■ What is expected ■
The task calls for the lines below from the line with "Sonja Blomdahl created" to the line with "tropical fruit passionflower on a plate", both ends included, copied exactly, without any pictures.

■ Data excerpts ■
════════════════

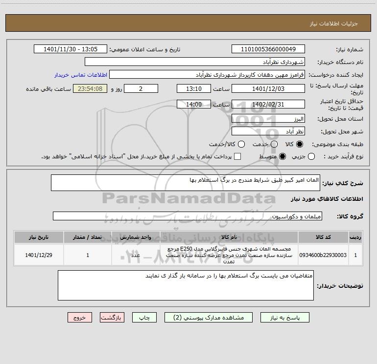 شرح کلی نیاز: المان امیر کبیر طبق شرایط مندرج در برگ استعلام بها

════════════════

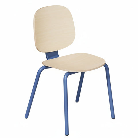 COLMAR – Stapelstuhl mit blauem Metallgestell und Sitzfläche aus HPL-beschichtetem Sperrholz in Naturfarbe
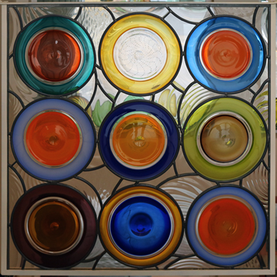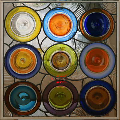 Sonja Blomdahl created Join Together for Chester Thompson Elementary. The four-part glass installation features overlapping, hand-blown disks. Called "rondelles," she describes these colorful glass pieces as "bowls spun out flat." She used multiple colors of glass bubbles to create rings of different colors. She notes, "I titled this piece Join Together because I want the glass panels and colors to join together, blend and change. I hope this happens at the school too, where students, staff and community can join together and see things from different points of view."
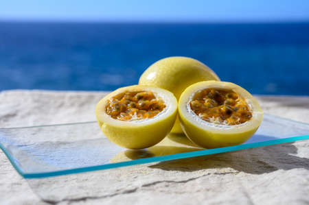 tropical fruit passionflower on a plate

════════════════

■ Solution to the problem ■
 Sonja Blomdahl created Join Together for Chester Thompson Elementary. The four-part glass installation features overlapping, hand-blown disks. Called "rondelles," she describes these colorful glass pieces as "bowls spun out flat." She used multiple colors of glass bubbles to create rings of different colors. She notes, "I titled this piece Join Together because I want the glass panels and colors to join together, blend and change. I hope this happens at the school too, where students, staff and community can join together and see things from different points of view."
 tropical fruit passionflower on a plate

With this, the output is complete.